@robertkirk/jessie

v0.6.0

Published

5 months ago

Simple, Type-safe, Observable, & Concurrent pipeline framework. Best for IO bottlenecked workflows.

0High
0Medium
0Low

robertkirk

pipeline dag queue typescript task workflow concurrency retry

jessie

A type-safe, observable pipeline framework with dependency injection for building robust data processing workflows.
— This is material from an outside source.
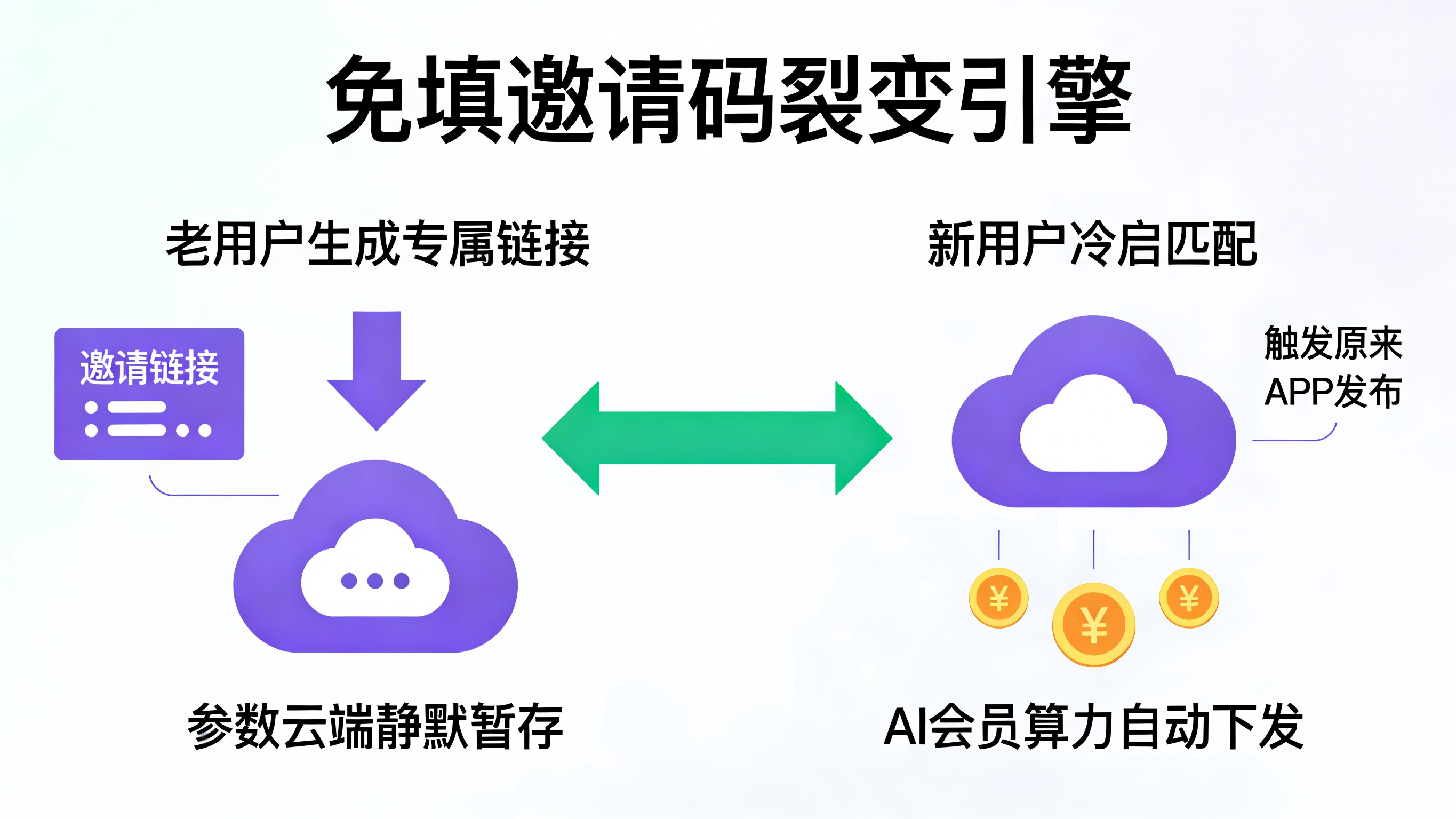 传统的“复制邀请码”操作常常导致裂变中断。利用智能传参技术,老用户将 App 链接分享到微信或 WhatsApp,新用户点击下载后首次打开 App 时,系统自动在底层匹配参数,实现免填邀请码,瞬间完成师徒绑定与会员时长下发。这极大缩短了冷启动漏斗,提升了裂变活动的真实留存率。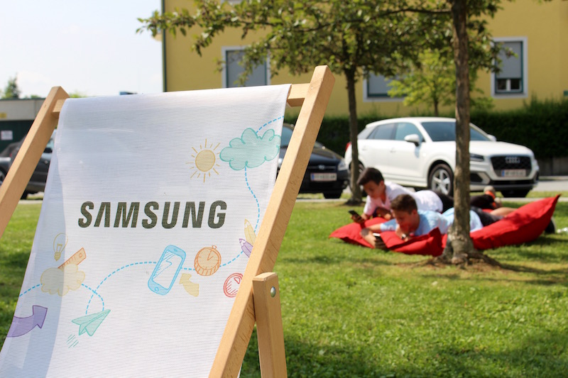 Beim mobilen Klassenzimmer der Firma Samsung lernen SchülerInnen, sich kreativ und aktiv in den neuen Technologien auszudrücken, die unser aller Zukunft massiv beeinflussen werden. Konkret bringen ausgebildete IT-TrainerInnen den Kindern im Rahmen von Workshops das Programmieren von Handy-Apps und Robotern bei – inhaltlicher Partner und Experte ist das Institut für Softwaretechnologie der TU Graz.

Best for io bottlenecked workflows like calling external APIs.

Features

🔒 Type-safe: Full TypeScript support with context inference across pipeline steps
⚡ Observable: Comprehensive logging hooks for monitoring and debugging
⏱️ Timeout Support: Per-step timeout configuration with automatic enforcement
🚀 Enhanced Queue Processing: Full-featured queue management with priority, pause/resume, and statistics
🧩 Composable: Support for sub-pipelines with parent-child relationships
💉 Dependency Injected: No hard dependencies - bring your own logger, database, etc.
📊 Metrics Ready: Built-in timing, failure reporting, and queue statistics

When to use Jessie

You have a workflow that is IO bottlenecked (Jessie is not multithreaded)
You want a simple way to build a pipeline
You want logging and observability
You want typesafety
You want a simple solution with no dependencies (no Redis or other external services)

Installation

npm install @robertkirk/jessie
# or
yarn add @robertkirk/jessie
# or
bun add @robertkirk/jessie

Quick Start

import { 
  Pipeline, 
  Queue,
  PipelineOptions,
  createConsoleLogger
} from '@robertkirk/jessie';

// Define your context type (only your data, no framework boilerplate)
interface MyContext {
  userId: string;
}

// Create pipeline options
const opts: PipelineOptions = {
  idGen: () => crypto.randomUUID(),
  logger: createConsoleLogger()
};

// Build your pipeline
const pipeline = new Pipeline<MyContext>('data-processing', opts)
  .step('fetchUser', async (ctx) => {
    // Your async logic here
    return { id: ctx.userId, name: 'John Doe' };
  }, { timeoutMs: 5000 })
  .step('processData', async (ctx) => {
    // Access previous step result via ctx.fetchUser
    return `Processed: ${ctx.fetchUser.name}`;
  })
  .step('saveResult', async (ctx) => {
    // Save the processed data
    console.log('Saving:', ctx.processData);
    return 'saved-id-123';
  });

// Execute the pipeline - only provide your data
const result = await pipeline.run({ userId: 'user-123' });
console.log('Final result:', result.saveResult);

// Or process multiple items with enhanced queue management
const queue = new Queue(pipeline, { concurrency: 2 });
queue.add({ userId: 'user-1' }, 5); // High priority
queue.add({ userId: 'user-2' }, 1); // Low priority
await queue.start();

Core Concepts

Pipeline

A Pipeline is a sequence of typed steps that build up a context object. Each step receives the accumulated context from previous steps and adds its result to the context.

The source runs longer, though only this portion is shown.